Since the use of computers became feasible for commercial enterprises, there has been interest in how they can be used to improve efficiency, cut costs, and generate profits. The development of the transistor and its use in commercially available computers resulted in ever-smaller machines, and in the early 1970s the first personal computers were being introduced. However, it was not until 1981, when International Business Machines (IBM) launched the IBM-PC on the market, with the use of floppy disks for data storage, that the idea really took off for business. The word-processing and spreadsheet capabilities of succeeding generations of PCs were largely responsible for relieving much of the drudgery of routine office work.

The technology that facilitated electronic data storage on floppy disks soon led to the idea that in future, businesses could be run effectively without the use of paper. In 1975 an article in the American magazine BusinessWeek speculated that the almost paper-free office would be a reality by 1990. The suggestion was that by eliminating or significantly reducing the use of paper, an office would become more efficient and costs would be reduced. Paper use in offices declined for a while in the 1980s when much of the paperwork that used to be found in filing cabinets was transferred to computers, but it then rose to an all-time high in 2007, with photocopies accounting for the majority of the increase. Since 2007, paper use has been gradually declining, thanks largely to the increased use of mobile smart devices and facilities such as the electronic signature.

Although the optimistic aspiration of the early digital age to make an office paperless has yet to be fulfilled, the office environment has been revolutionized by email, word-processing, and electronic spreadsheets. But it was the widespread adoption of the Internet that made e-commerce a practical proposition.

Online shopping is perhaps the most familiar example. As customers, we enjoy the convenience of shopping at home and avoiding time-consuming queues. The disadvantages to the customer are few but, depending on the type of transaction, the lack of contact with a store employee may inhibit the use of online purchasing. Increasingly, these problems are being overcome by online customer advice facilities such as ‘instant chat’, online reviews, and star rankings, a huge choice of goods and services together with generous return policies. As well as buying and paying for goods, we can now pay our bills, do our banking, buy airline tickets, and access a host of other services all online.

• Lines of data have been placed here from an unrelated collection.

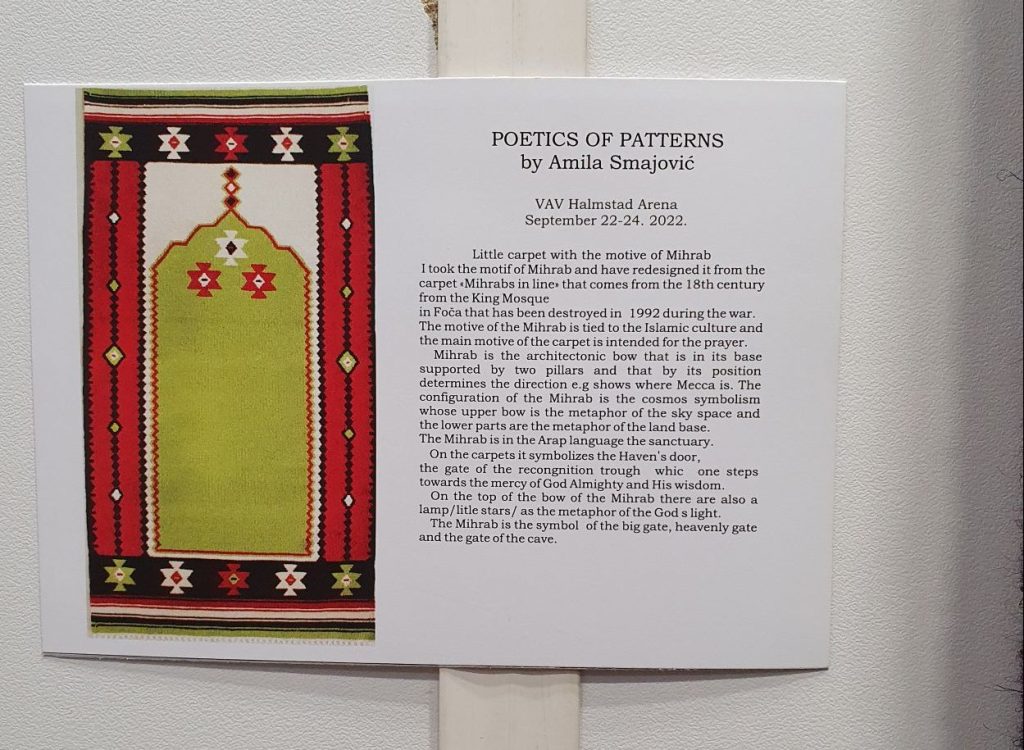 Alla möten med människor från olika kulturer på en vävmässa är också väldigt spännande. Amila Smajovic’ från Bosnien visade bl.a. bönemattor som hon vävt med inspiration av en bönematta från Kungamoskén i Foca som förstördes i kriget 1992.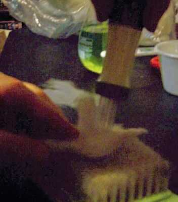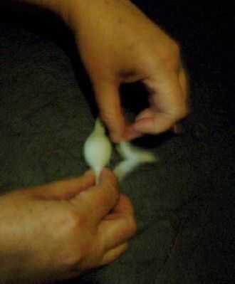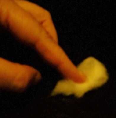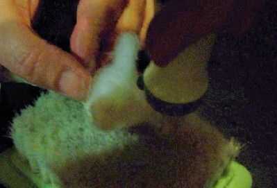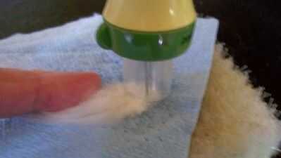 Sostenga la oreja formada contra la reja por la base (donde la oreja se fijan a la cabeza). Con la herramienta del aguja-batanado, apuñalar a cada parte de la oreja excepto la base hasta que la oreja mantiene su forma por sí mismo (con la herramienta de 7 agujas y lana merino, esto quedo con 20-40 puñaladas).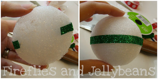 2. Use your glue gun to put a line of glue from one side all the way around to the other around the outside of the ball and put a piece of ribbon over it.
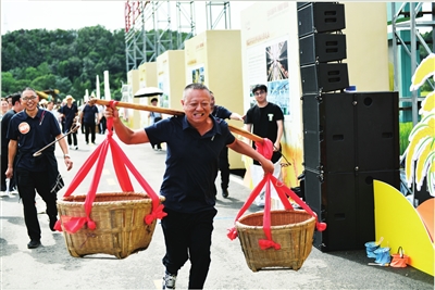 除了運動會,會前的文藝展演和農家走秀環節,圍繞豐收、三農、鄉愁為主題,各村書記作為領隊,帶領村民展示鄉村生活服飾和農產品特色。
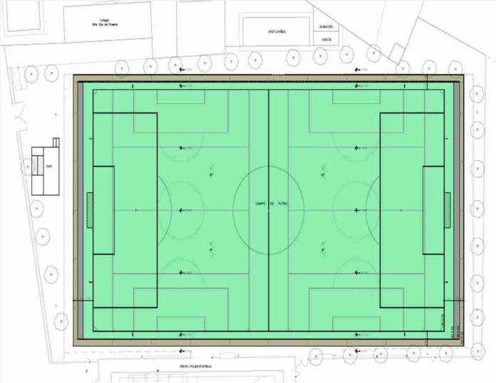 Se pretende realizar un nuevo campo con acabado en césped artificial, de última generación que sea adecuado para la práctica de futbol 11, y que a su vez servirá en sentido transversal para dos campos de futbol 7. Se establecerá también un sistema drenante para la recogida de aguas del terreno circundante, y se instalará una red de riego de polietileno de 90 mm de diámetro a lo largo de todo el perímetro del campo y seis aspersores de gran alcance. Además se adecuará la instalación eléctrica existente para que pueda funcionar con normalidad.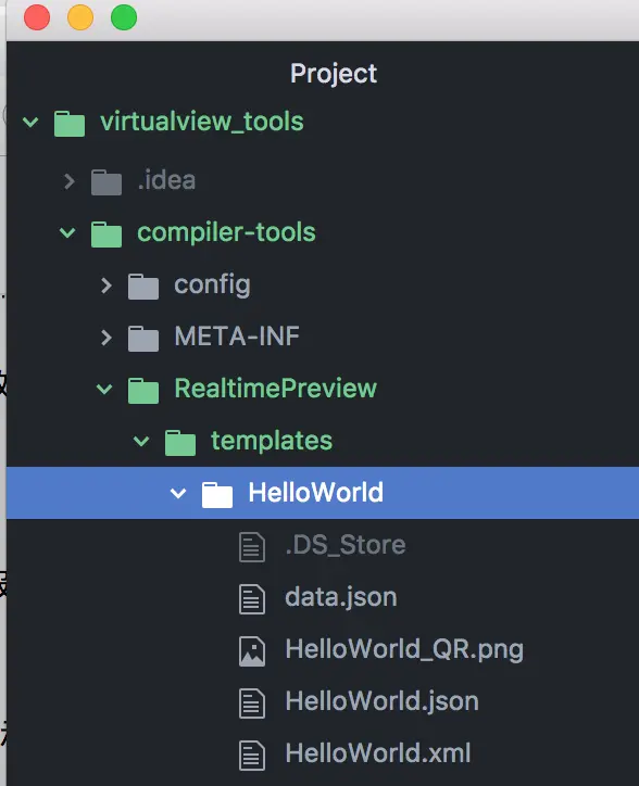 VirtualView下载后是一个工作空间 使用cocoapods pod install导入所需的库, 其中包含两个项目 一个是 RealtimePreview 其用来动态实现热更新方便调试,下面会详细介绍配合virtualview_tools使用, 另外一个是VirtualViewDemo, 其是用来演示官方提供的一些案例,在介绍动态组件的地方在内都可以找到演示demo,方便查找和学习使用,简单了解完这个工作空间(VirtualView)所包含的两个项目后,我们着重说下virtualview_tools,这个调试工具极大的方便了我们调试界面,我使用的是atom开发工具编辑此项目,打开项目 进入compiler-tools文件夹下会发现RealtimePreview和TemplateWorkSpace这两个文件,其中RealtimePreview是我们动态调试使用的 TemplateWorkSpace 是我们动态调试完打包用的,在RealtimePreview内templates文件内是我们存放模板文件的地方。

eBay works rather differently and is worth mentioning because of the huge amounts of data it generates. With transactions being made through sales and auction bids, eBay generates approximately 50 Tb of data a day, collected from every search, sale, and bid made on their website by a claimed 160 million active users in 190 countries. Using this data and the appropriate analytics they have now implemented recommender systems similar to those of Netflix, discussed later in this chapter.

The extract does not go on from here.